Telecine_BacklightTo the left is the current state of the backlight. There are four wires soldered to it – common, red, green, and blue. At full brightness with the resistors I had in my shop, the backlight casts a purple light; this was supposed to be remedied by the Arduino. Indeed, the Arduino is able to control the backlight color – but with visual artifacts, a new solution is needed.


Telecine_Webcam_Projection_CloseOn the right, you can see the lens barrel (far right silver object), the webcam board in the center with the blue power LED, and the projected image itself on the sensor in the center. Remember, this is the bare webcam without any lens at all! It’s all held in temporary place by a “third hand” soldering tool so it’s not in the best alignment.

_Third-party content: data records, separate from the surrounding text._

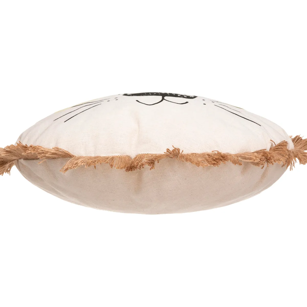 Cojín León Con Flecos | Descubre la colección textil hôma kids. ¡Soluciones de decoración y confort con estampados únicos y mágicos! Cortinas, cojines, alfombras, mantas y un sinfín de propuestas muy confortables para el bebé y el niño | Color: Marrón, Beige | Medidas: 44x13x44cm | Material: Poliéster, Yute | Marca: Atmosphera4Kids
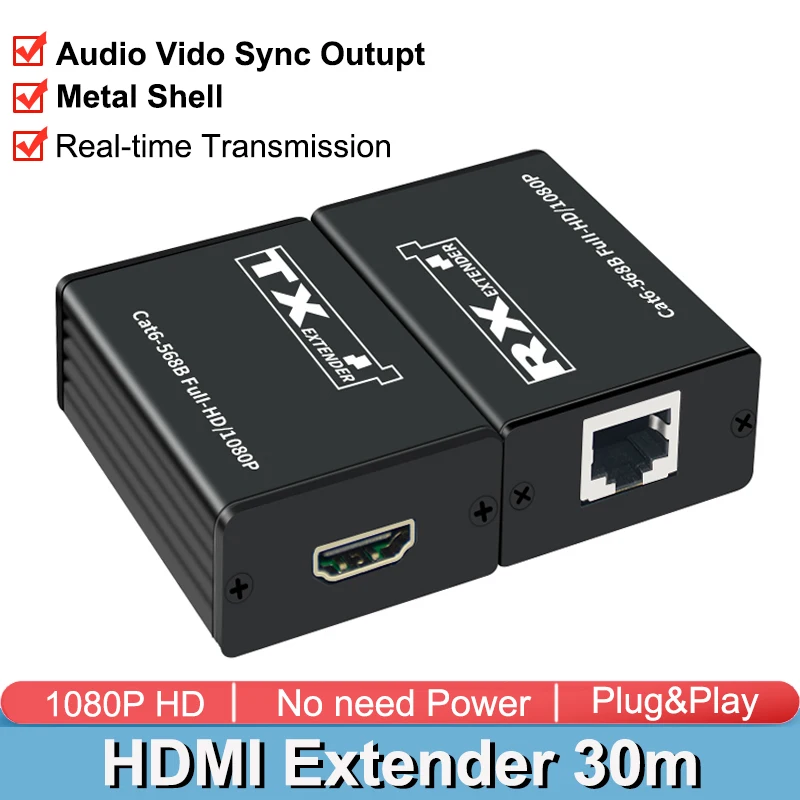 Comprar Extensor HDMI de 30M 1080p para PC a TV, receptor transmisor sobre Cat6 cat7 RJ45, Cable Ethernet, convertidor de Audio y vídeo, compatible con ratón USB
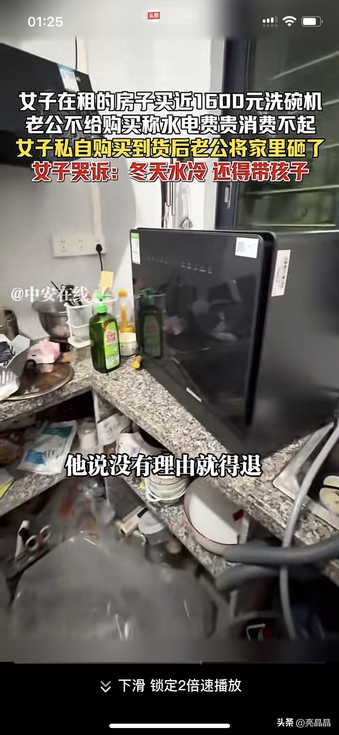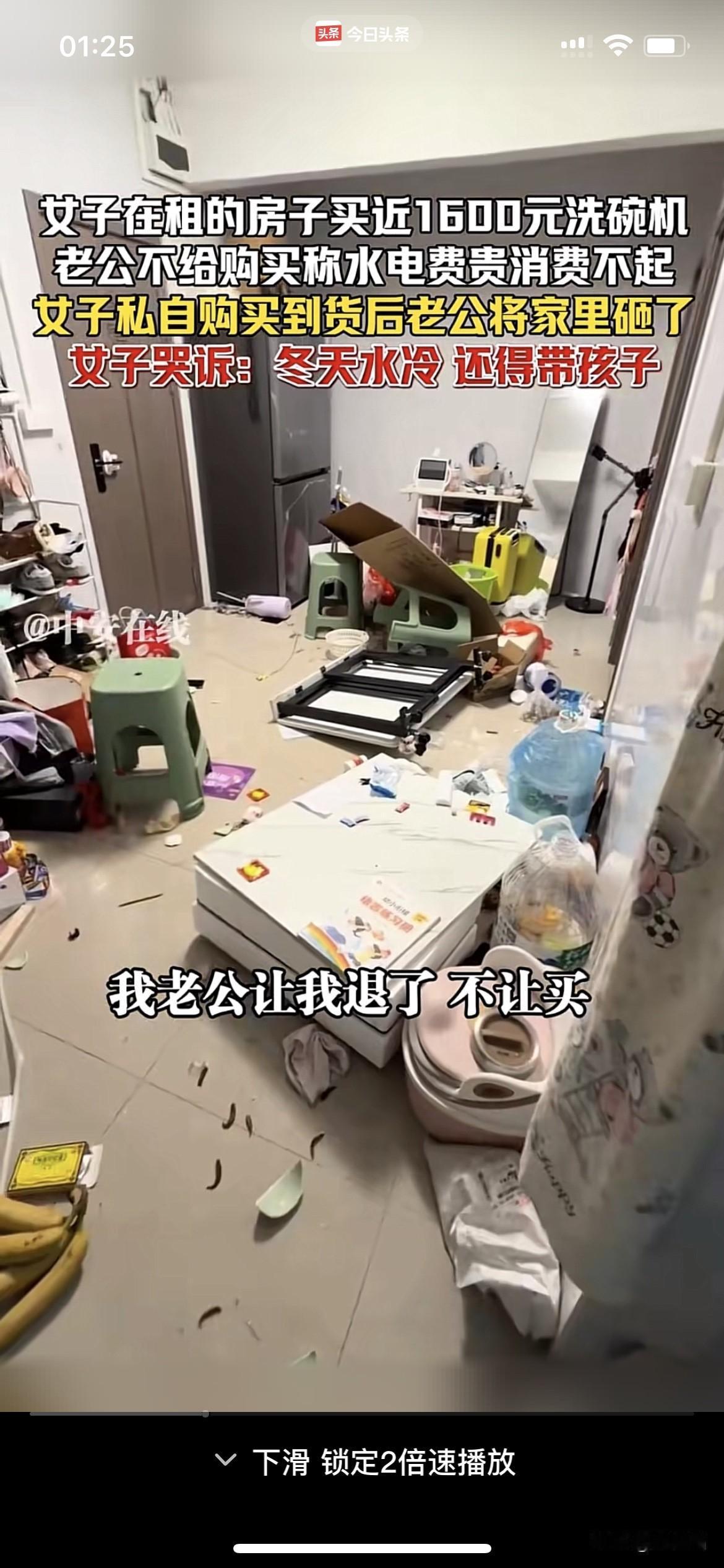 广东,一女子瞒着老公,花近1600元买了洗碗机,老公要求退,女子不同意,老公气得把家砸了,女子哭诉:不明白为什么不让买?是因为自己不上班吗? 女子觉得天冷水凉,不想洗碗,于是决定买洗碗机。老公接到安装师傅电话,得知妻子买了洗碗机,当时让她退掉,说我们不买,可女子没听,过了几天,机器到货就约了师傅上门安装。 老公一回家,看到师傅在安装,直接让师傅走人,要求妻子退款,女子不肯,说:“我不想洗碗,你又不洗,为什么不能买,你给我一个理由。” 老公反驳:“没有理由就是得退,水电费都贵,我们消费不起。” 女子认为老公轻松月入过万,一千多的洗碗机完全消费得起,为什么不让买,天冷自己真的不想洗碗,而且洗碗机还能洗蔬菜水果,想让师傅继续安装。 老公见劝退不成,气急败坏地把客厅砸了,出租房全部家具被砸稀巴烂。女子见状,只能让师傅先走,马上申请退款,哭着出去住酒店。 网友说,女子一点不懂持家,自己不上班,老公一人养家压力很大的,出租房买什么洗碗机啊,不仅搬家麻烦,还占地方,嫌水凉,用热水洗就好了。在家带娃做点家务很正常。 也有网友说,男子真的太大男子主义,自己不洗碗,还不让老婆买洗碗机,老婆陪你在出租房熬,连个洗碗机都舍不得给老婆买,真不是男人。最可恨的是砸家,砸坏的这东西都够买一个洗碗机了。 我想说,这对夫妻都有错。女子不懂体谅丈夫养家的压力,丈夫不心疼珍惜才妻子做家务的付出。 最错的是,丈夫暴力砸家给两个孩子带来不可磨灭的伤害。孩子们肯定会想为什么我们的爸妈会这样?为什么要吵架?妈妈一个人在外会不会出事?爸爸很吓人,我以后在家都不敢说话了!客厅的一片狼藉,该怎么办? 家是大家的,夫妻双方要互相理解,互相包容,你心疼我的不容易,我体贴你的辛苦,才能经营好一个幸福有爱的家。暴力解决不了问题,只会让问题升级,静下心来,好好沟通,协商双方都满意的结果,才是家和万事兴的正解。

Below is a wide view of the setup, with the white arrow pointing to the projected image. Here you can clearly see the zipties holding the projector lens in place. Additionally, note that the backlight now casts a warm white light – this is from the adjustment provided by the Aduino.

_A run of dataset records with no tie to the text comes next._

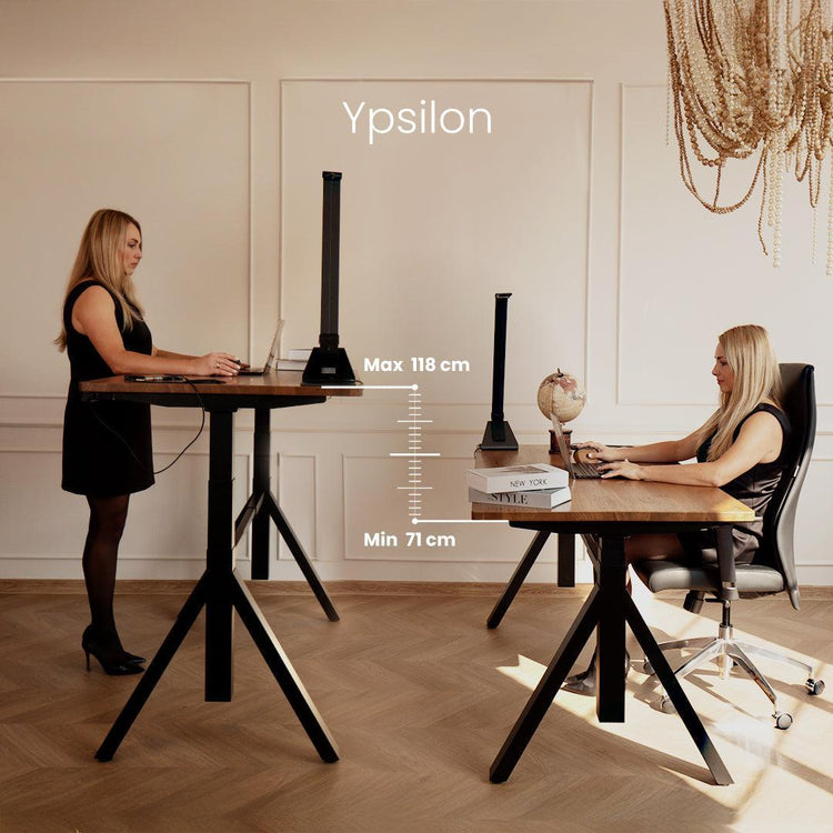 “Ypsilon” ir aprīkots ar Y veida kāju konstrukciju, kas padara galdu vēl stabilāku. Turklāt tam ir arī visas priekšrocības, kas raksturīgas citiem mūsu rakstāmgaldiem ar diviem motoriem, kā arī 8 gadu garantija.
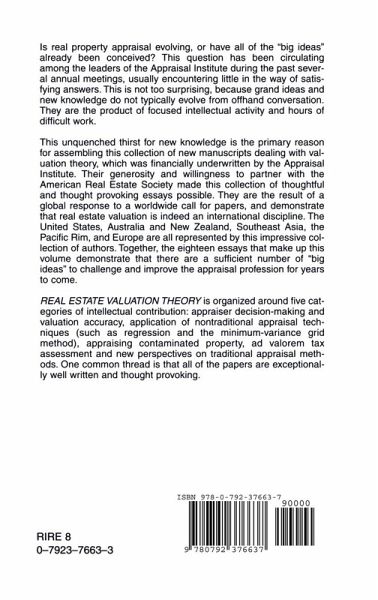 Real Estate Valuation Theory is organized around five categories of intellectual contribution to the whole-appraiser decision making and valuation accuracy, application of nontraditional appraisal techniques such as regression and the minimum-variance grid method, appraising contaminated property, ad valorem tax assessment, and new perspectives on traditional appraisal methods. One common thread is that all of the papers are exceptionally well written and thought provoking.
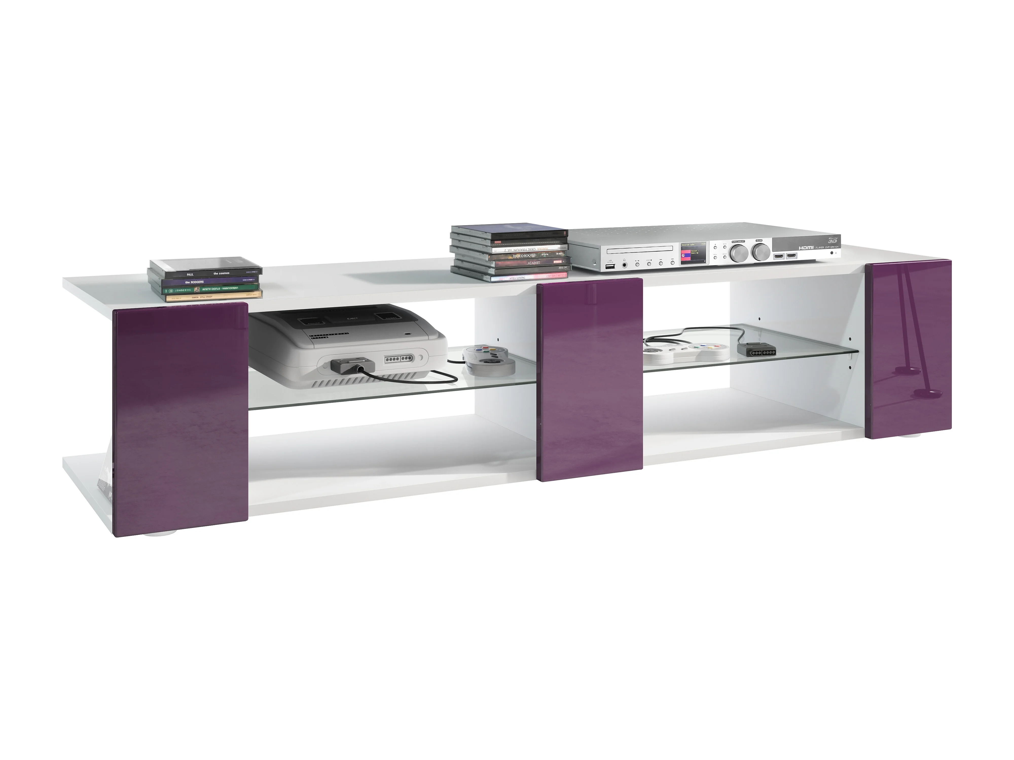 Meuble TV Armoire Metro, Corps en Blanc haute brillance / Façades en Blanc haute brillance avec une insertion en Mûre haute brillance
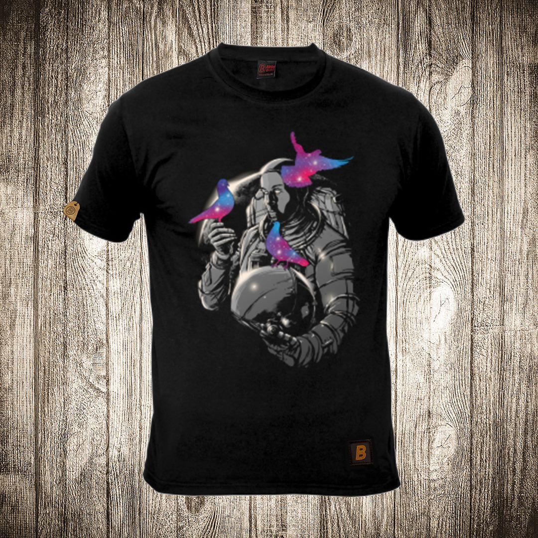 muska majica boja crna slika astronaut 18 ptica
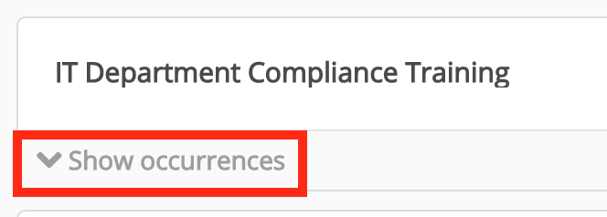Delete ![]() | To delete an occurrence from the events list: If an event only has one occurrence, deleting the occurrence deletes the entire event.
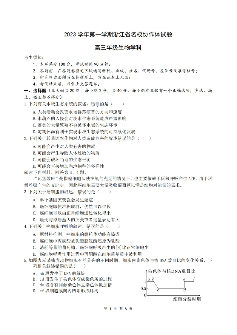 浙江省名校协作体2024届高三上学期返校联考生物
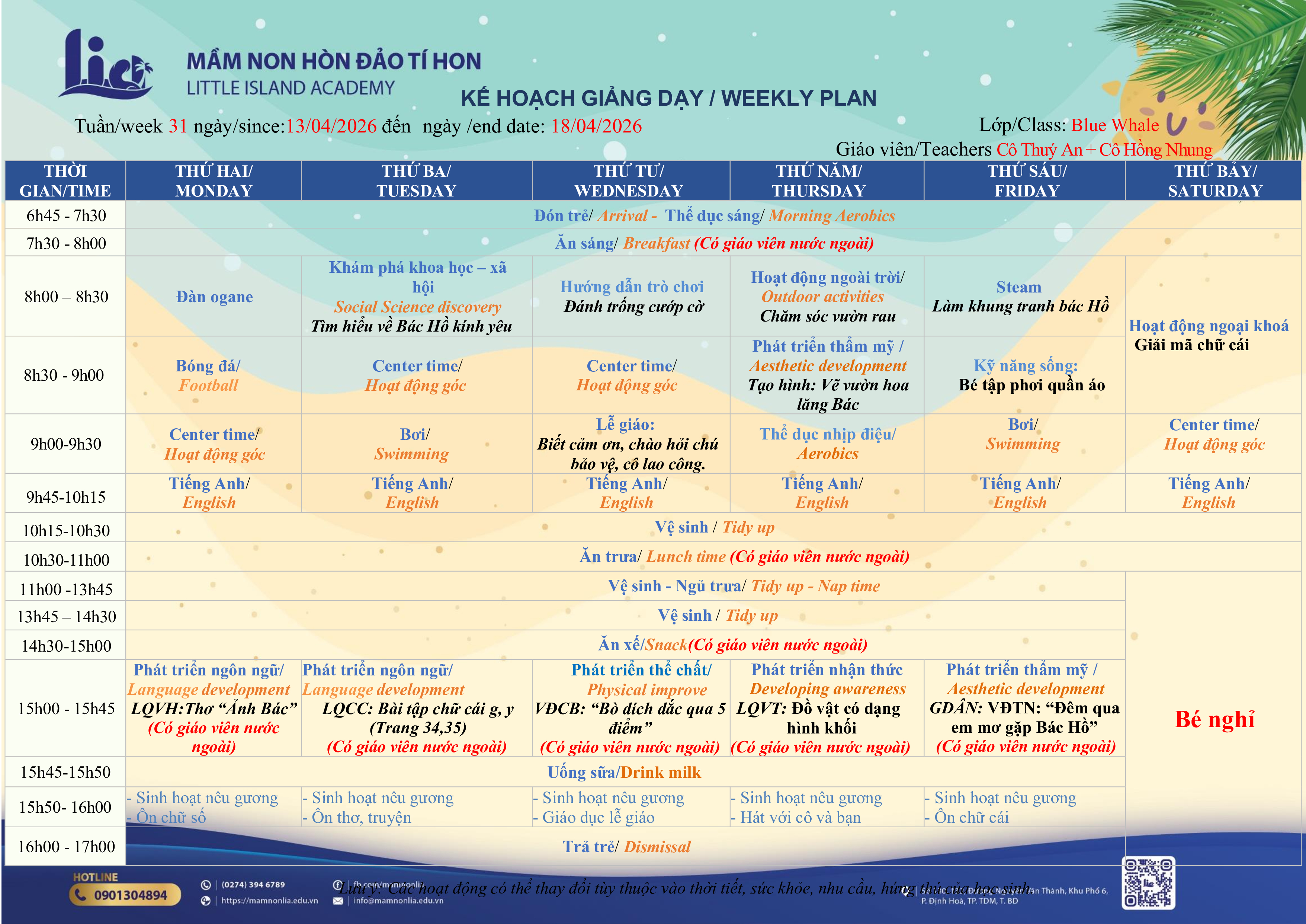 Kế hoạch giảng dạy lớp BlueWhale Tuần 03 Tháng 04

Finally, here’s a video of it in action.


DIY 8mm Telecine – Progress Report 3

DC Motor Mounted to Projector

Last night saw significant progress on the telecine project. I made a new back for the projector that replaces the original motor & lamp housing, then successfully tested the new DC motor.

Projector Plate

I began with what was once an ECU cover (or more accurately, a DME cover from a BMW). I made a cardboard template of the rear of the projector earlier, than transferred the outline to the cover. From there, I used a dremel to cut the outline out and drilled and tapped four 3mm x .50 holes for machine screws.

Cutting the gear up

With the plate taken care of, I turned  my attention towards the drive gear. The cassette player I sourced the gears from had two identical gears with both inner and outer teeth as pictured. My plans use one of the gears to replace the original drive pulley with the outer teeth being driven. The motor uses the inner teeth of the remaining gear to engage the outer teeth of the now replaced drive pulley, but the gear must be ground down to only the center for it to clear. I used a dremel and grinder to first cut up the gear, then grind the remaining metal down until only the center remained.

Finished ground gear

The newly ground gear was then mounted to the DC motor. A hole slightly large than the gear was drilled into the new back plate, then the motor was mounted to the back plate. A spacer had to be used for proper clearance, and the spacer also made it easier to mount the DC motor using very shallow screws. With everything mounted, I applied +12v  DC to the motor and watched the projector run!